(SOURCE DATA Opens)

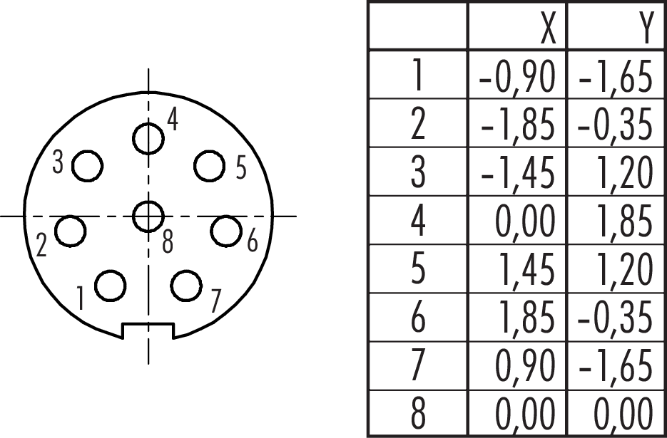 Polzahl: 8, 4,0 – 5,0 mm, nicht schirmbar, löten, IP40
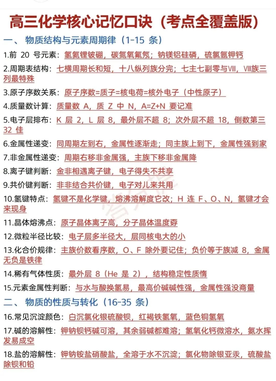 高三化学核心记忆口诀(考点全覆盖pdf版)下载
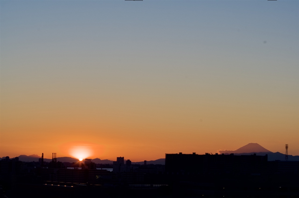 沈む夕陽と富士山。
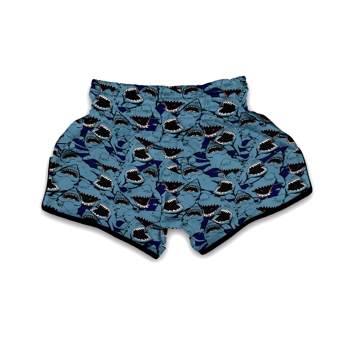 Shark Circling Pattern Print Muay Thai Boxing Shorts
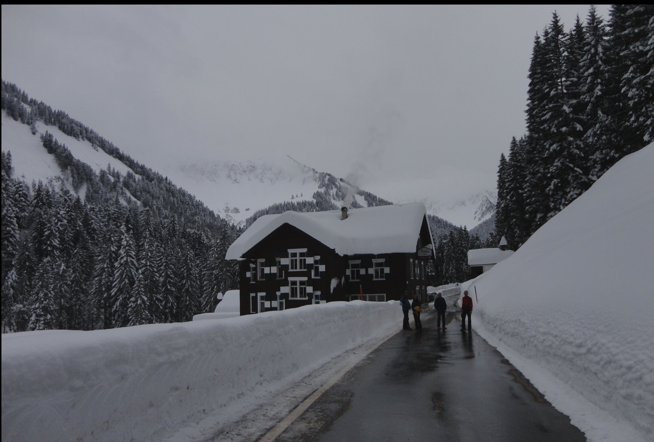 Großer gebührenfreier Parkplatz am Ende der geräumten Strasse beim Gasthaus Bädle.
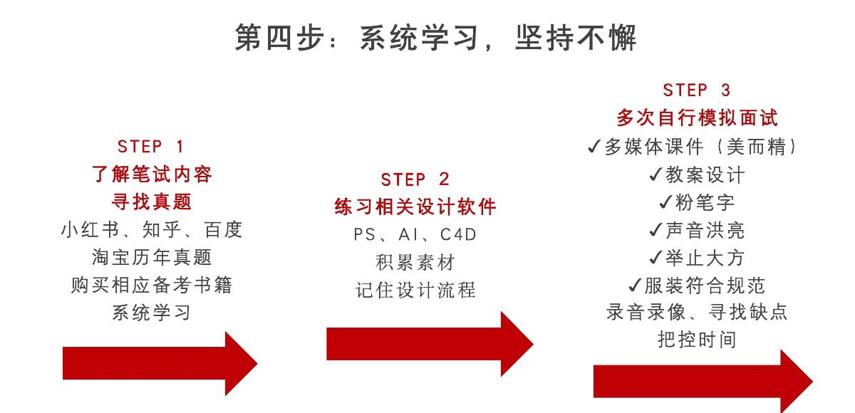 其次,张巍学姐结合个人经历,从明确方向、了解职业、收集资料、系统学习四个方面为同学们梳理教师岗备考时可能遇到的问题和解决措施,并鼓励同学们在准备阶段模拟面试现场,多加练习。
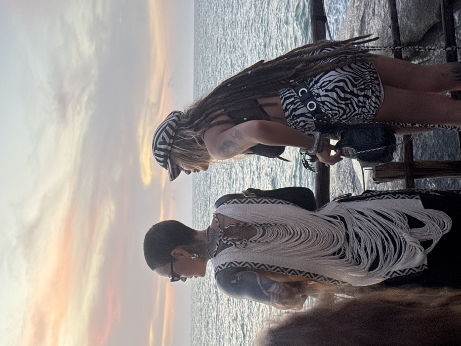 Two tattooed women stand near a body of water under a vibrant sky. One woman has short, dark hair, glasses, and a fringed shawl with a geometric pattern. The other has long dreadlocks, a striped cap, and a zebra-print bottom. They appear to be on a wooden structure, possibly a dock or platform. The background shows a seascape with a colorful sky transitioning from orange to light blue.
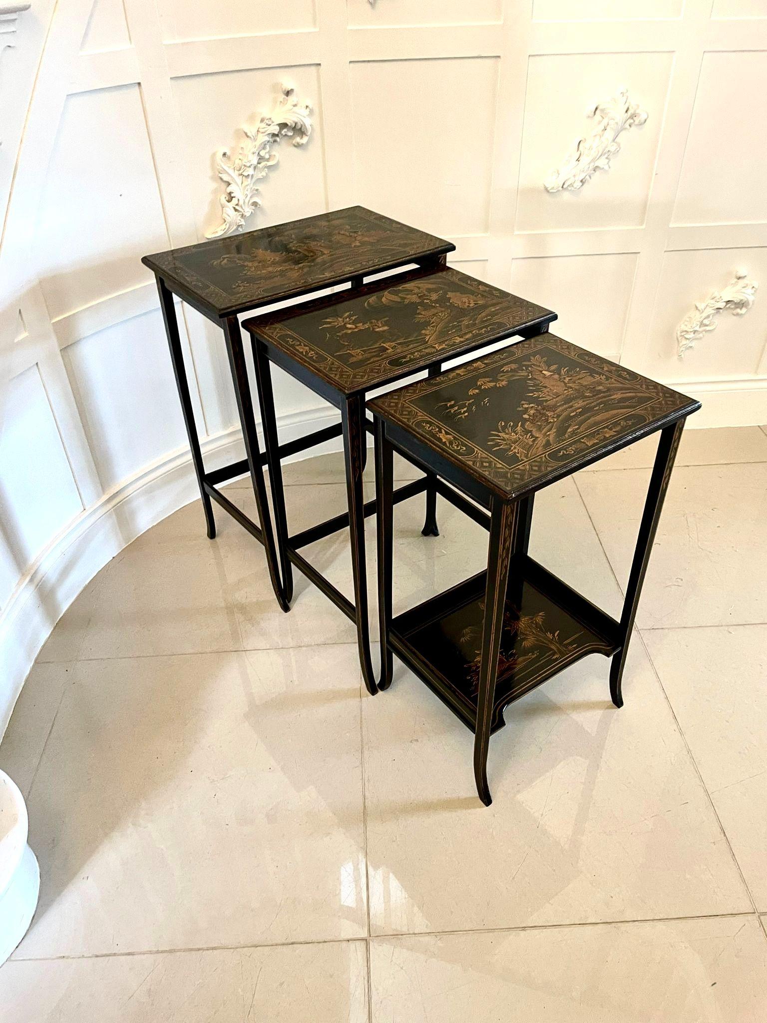 Antique nest of 3 quality chinoiserie decorated tables having rectangular shaped tops boasting a delightful black and gold background with quality chinoiserie decoration and a moulded edge standing on 4 square elegant tapering black and gold legs united by stretchers and featuring one with a pretty chinoiserie undertier.

(SOURCE DATA Closes)

WHAT YOU NEED TO DO: Your answer must be exactly the lines from the one with "Two tattooed women" through the final line of the data, with no pictures in it.

FINISHED EXERCISE:
 Two tattooed women stand near a body of water under a vibrant sky. One woman has short, dark hair, glasses, and a fringed shawl with a geometric pattern. The other has long dreadlocks, a striped cap, and a zebra-print bottom. They appear to be on a wooden structure, possibly a dock or platform. The background shows a seascape with a colorful sky transitioning from orange to light blue.
 Antique nest of 3 quality chinoiserie decorated tables having rectangular shaped tops boasting a delightful black and gold background with quality chinoiserie decoration and a moulded edge standing on 4 square elegant tapering black and gold legs united by stretchers and featuring one with a pretty chinoiserie undertier.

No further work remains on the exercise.